**Work required**
Type out each record word for word. Pictures stay out.

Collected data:
+ + +
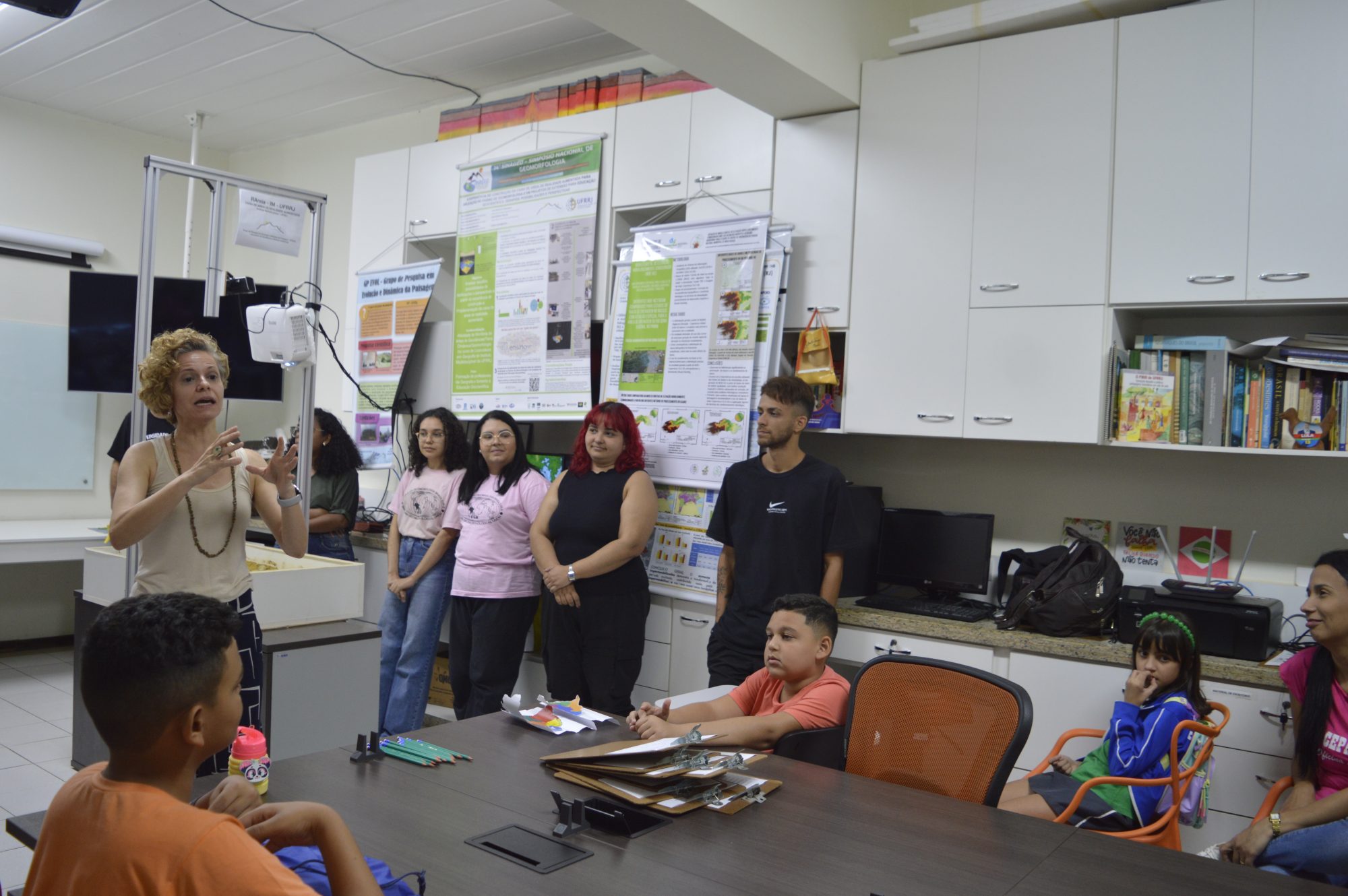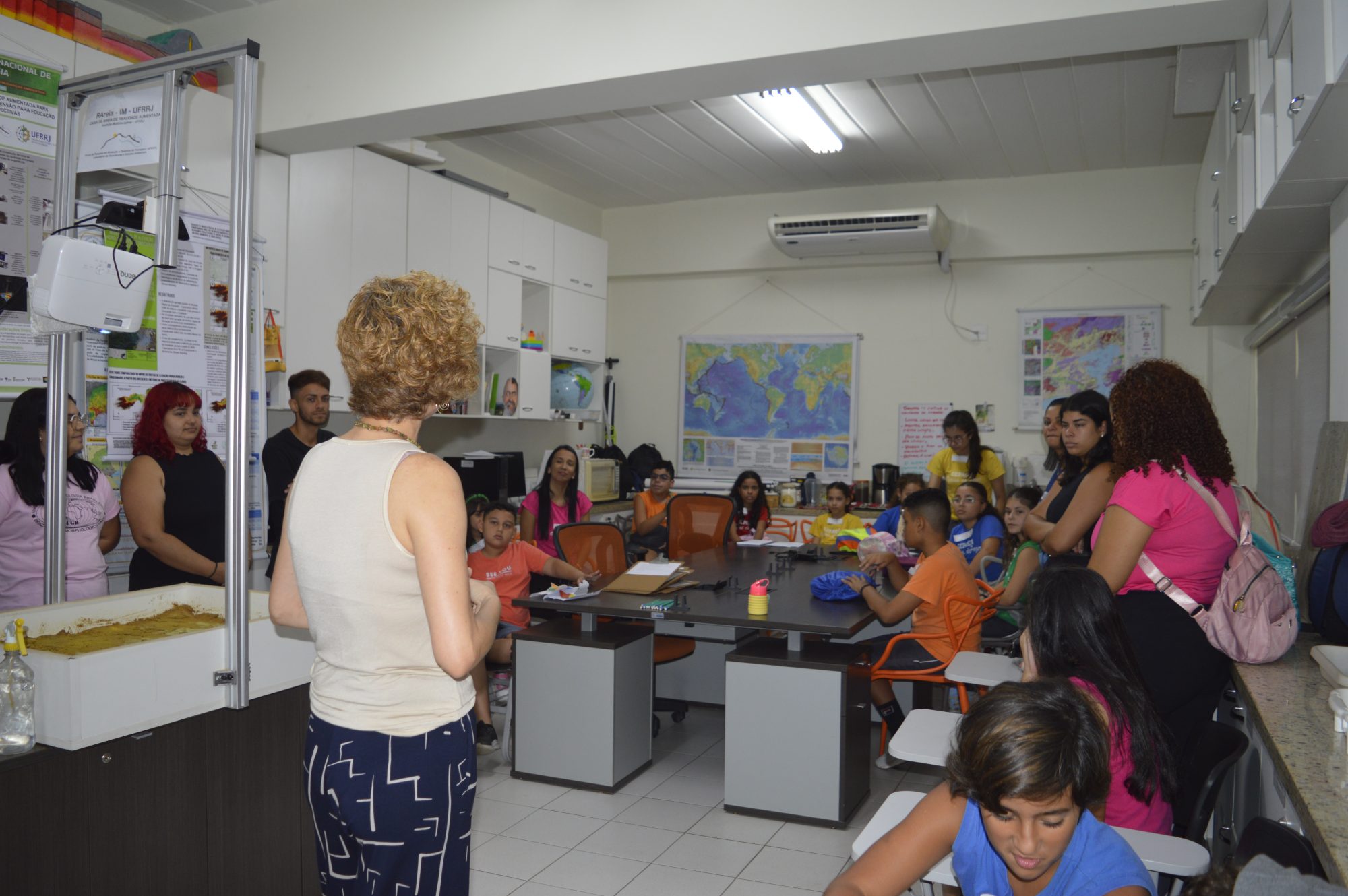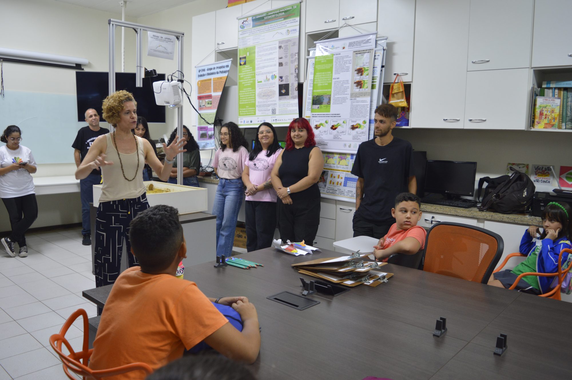 Enquanto isso, a turma do 5º ano já estava envolvida em outra discussão científica. Agora, sobre a ciência do relevo. Laura Delgado Mendes, professora do Departamento de Geografia do Instituto Multidisciplinar (IM/UFRRJ) apresentou para os alunos do Ensino Fundamental a caixa de areia de realidade aumentada. A ação integra o projeto de extensão universitária coordenado pela docente e contribui para popularizar os conhecimentos científicos sobre geomorfologia. “A partir da caixa de areia, conseguimos discutir uma série de assuntos ligados à transformação da paisagem, como o papel da água na dinâmica do relevo”, explica Laura, que complementa: “Educar sobre esse tema é fundamental, principalmente no contexto que vivemos hoje de mudanças climáticas”.
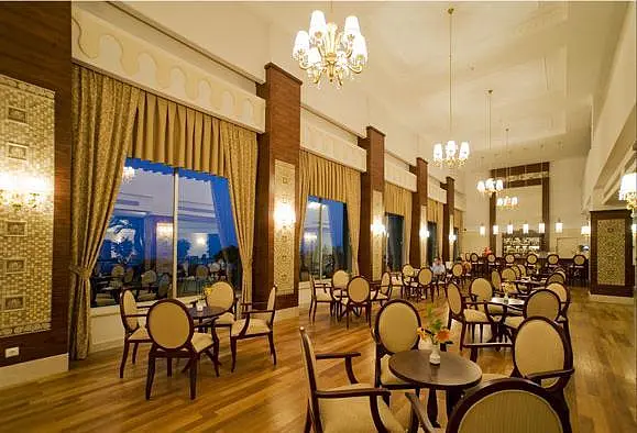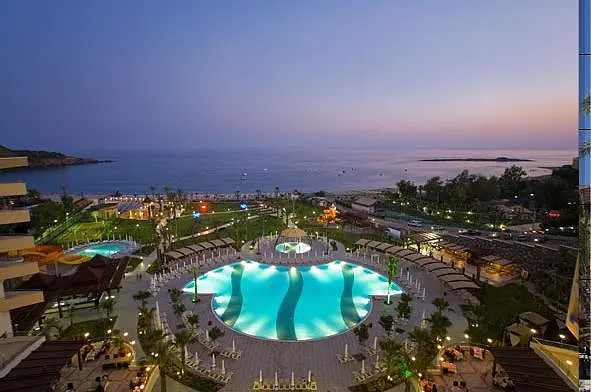 Complexul este renovat in 2008, dispune de 333 camere, din care 307 camere standard, 17 family connection, 6 suite si 3 honeymoon suite, piscina exterioara,interioara, piscina pentru copii, aquapark, amfiteatru, teren de tenis, sala tv, discoteca, animatie, 1 restaurant principal, 2 restaurante a la carte, 5 baruri, baie turceasca, sauna, masaj,coafor, jacuzzi, solar, dart, doctor, SPA, tenis de masa, baschet, volei, sportui nautice, biliard, internet, seif.
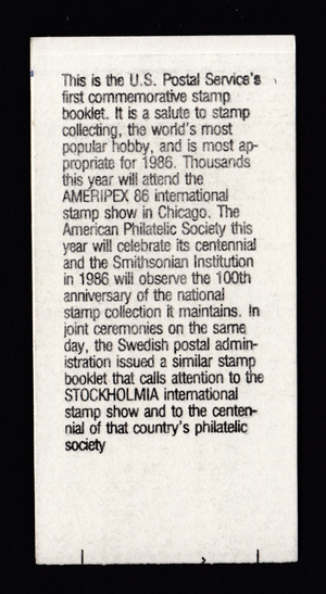 BK153a, Ameripex '86 Booklet with black omitted on both panes, MNH, Scott $100
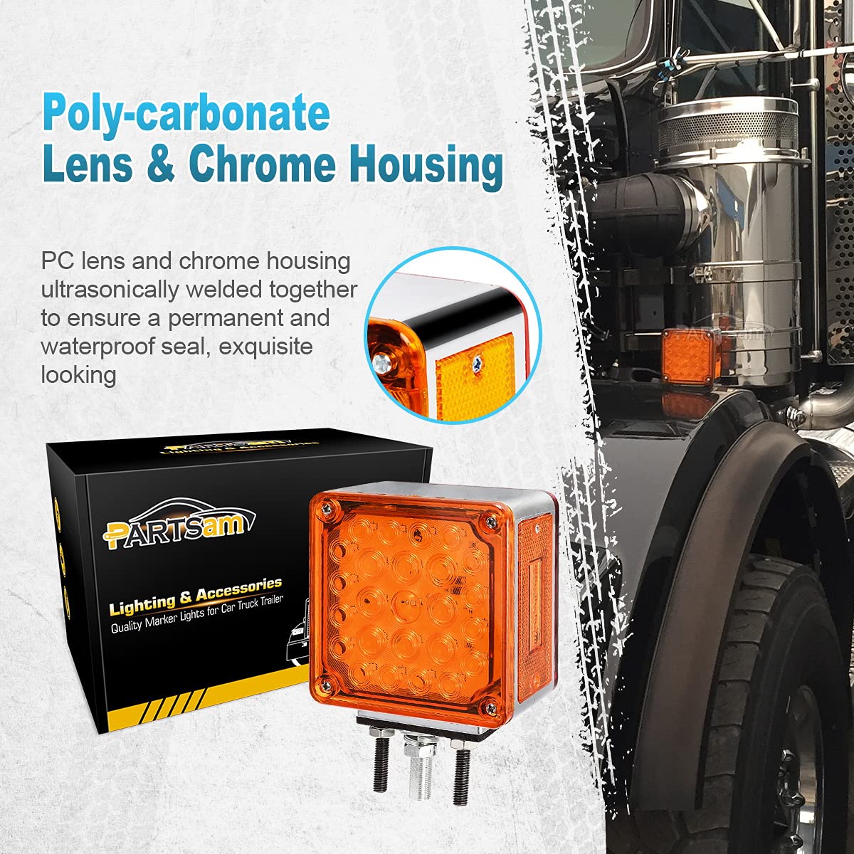 Partsam Is One Of The Largest Automotive Aftermarket Marker Lights Providers In North America. You Can Find All The Marker Lights You Need In Partsam! Specs: - Double Faced Led Pedestal Mount Stop Light - Function: Stop Turn Tail Park Brake & Side Marker Clearance Light - Fit: Truck, Bus, Trailer, Tractor, Excavator, Van Camper, Bulldozer, Crane Etc. - Voltage: Dc12V - Color: Red + Amber - Material: Pc (Polycarbonate) Lens & Chrome Finished Housing - Size: 4.64'' X 4.46'' X 2.51'' 3 Color Wires: - White Is Negative - White + Black: Full Light On In Low Brightness. - White + Red: Back & Front Light On In High Brightness. Features: - Reflector Design, Lower Power Consumption. - Leds Have No Filament, Therefore Are Extremely Resistant To Shock And Vibration. - Leds Have Less Current Draw, Resulting In Increased Battery And Alternator Life. - Epoxy Encapsulated Electronics Protect The Lamp From Damage Caused By Chemicals And Moisture. - Installation Friendly, No Modification Required. Package Includes: 2 X Amber/Red Double Face Stud Mount Pedestal 52 Led Light
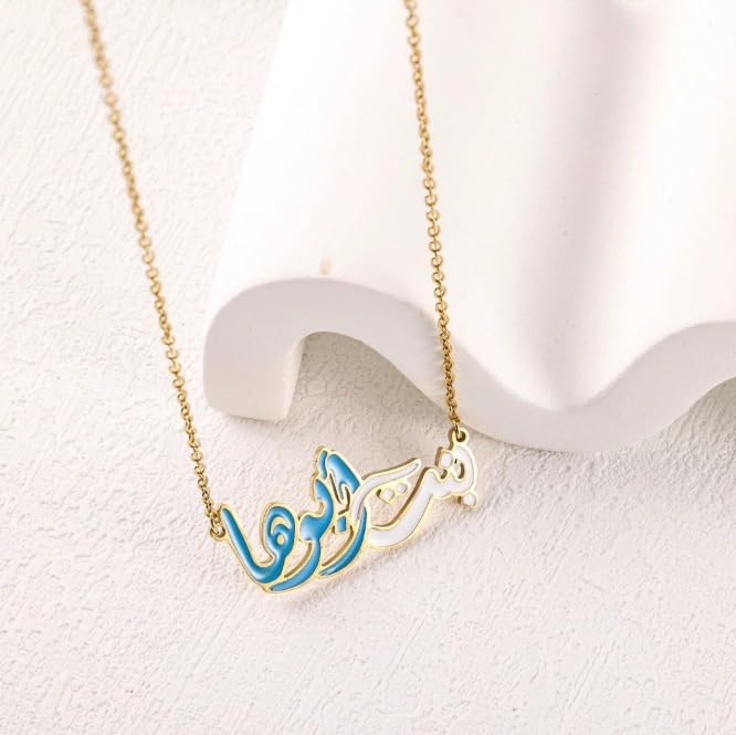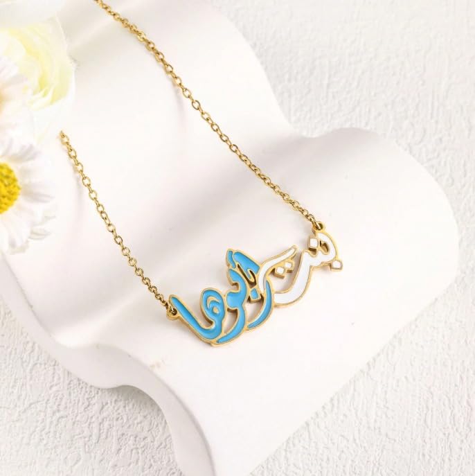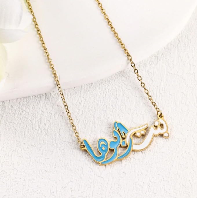 Generic - قلادة بنت أبوها تصميم عربي أنيق باللون الذهبي مع لمسة فيروزي ستانلس ستيل مقاوم للصدأ مناسبة للاستخدام اليومي
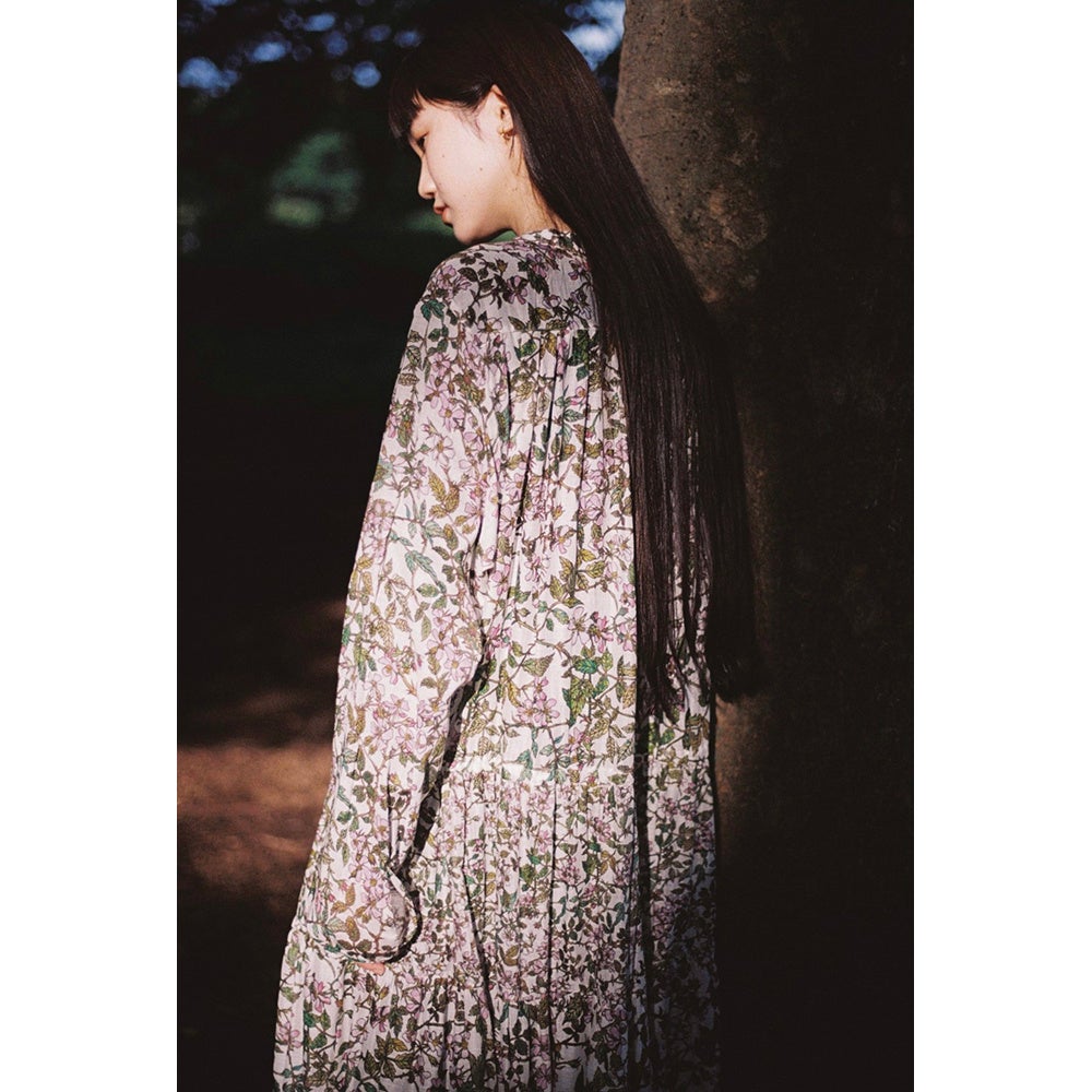 従来のフレンチスリーブからロングスリーブになり、着丈を10cm短くして、より足さばき良く軽やかに、フロントボタンの開閉でワンピースとしても羽織としてもお楽しみいただけるデザインになりました。
+ + +
**Response to the task**
 Enquanto isso, a turma do 5º ano já estava envolvida em outra discussão científica. Agora, sobre a ciência do relevo. Laura Delgado Mendes, professora do Departamento de Geografia do Instituto Multidisciplinar (IM/UFRRJ) apresentou para os alunos do Ensino Fundamental a caixa de areia de realidade aumentada. A ação integra o projeto de extensão universitária coordenado pela docente e contribui para popularizar os conhecimentos científicos sobre geomorfologia. “A partir da caixa de areia, conseguimos discutir uma série de assuntos ligados à transformação da paisagem, como o papel da água na dinâmica do relevo”, explica Laura, que complementa: “Educar sobre esse tema é fundamental, principalmente no contexto que vivemos hoje de mudanças climáticas”.
 Complexul este renovat in 2008, dispune de 333 camere, din care 307 camere standard, 17 family connection, 6 suite si 3 honeymoon suite, piscina exterioara,interioara, piscina pentru copii, aquapark, amfiteatru, teren de tenis, sala tv, discoteca, animatie, 1 restaurant principal, 2 restaurante a la carte, 5 baruri, baie turceasca, sauna, masaj,coafor, jacuzzi, solar, dart, doctor, SPA, tenis de masa, baschet, volei, sportui nautice, biliard, internet, seif.
 BK153a, Ameripex '86 Booklet with black omitted on both panes, MNH, Scott $100
 Partsam Is One Of The Largest Automotive Aftermarket Marker Lights Providers In North America. You Can Find All The Marker Lights You Need In Partsam! Specs: - Double Faced Led Pedestal Mount Stop Light - Function: Stop Turn Tail Park Brake & Side Marker Clearance Light - Fit: Truck, Bus, Trailer, Tractor, Excavator, Van Camper, Bulldozer, Crane Etc. - Voltage: Dc12V - Color: Red + Amber - Material: Pc (Polycarbonate) Lens & Chrome Finished Housing - Size: 4.64'' X 4.46'' X 2.51'' 3 Color Wires: - White Is Negative - White + Black: Full Light On In Low Brightness. - White + Red: Back & Front Light On In High Brightness. Features: - Reflector Design, Lower Power Consumption. - Leds Have No Filament, Therefore Are Extremely Resistant To Shock And Vibration. - Leds Have Less Current Draw, Resulting In Increased Battery And Alternator Life. - Epoxy Encapsulated Electronics Protect The Lamp From Damage Caused By Chemicals And Moisture. - Installation Friendly, No Modification Required. Package Includes: 2 X Amber/Red Double Face Stud Mount Pedestal 52 Led Light
 Generic - قلادة بنت أبوها تصميم عربي أنيق باللون الذهبي مع لمسة فيروزي ستانلس ستيل مقاوم للصدأ مناسبة للاستخدام اليومي
 従来のフレンチスリーブからロングスリーブになり、着丈を10cm短くして、より足さばき良く軽やかに、フロントボタンの開閉でワンピースとしても羽織としてもお楽しみいただけるデザインになりました。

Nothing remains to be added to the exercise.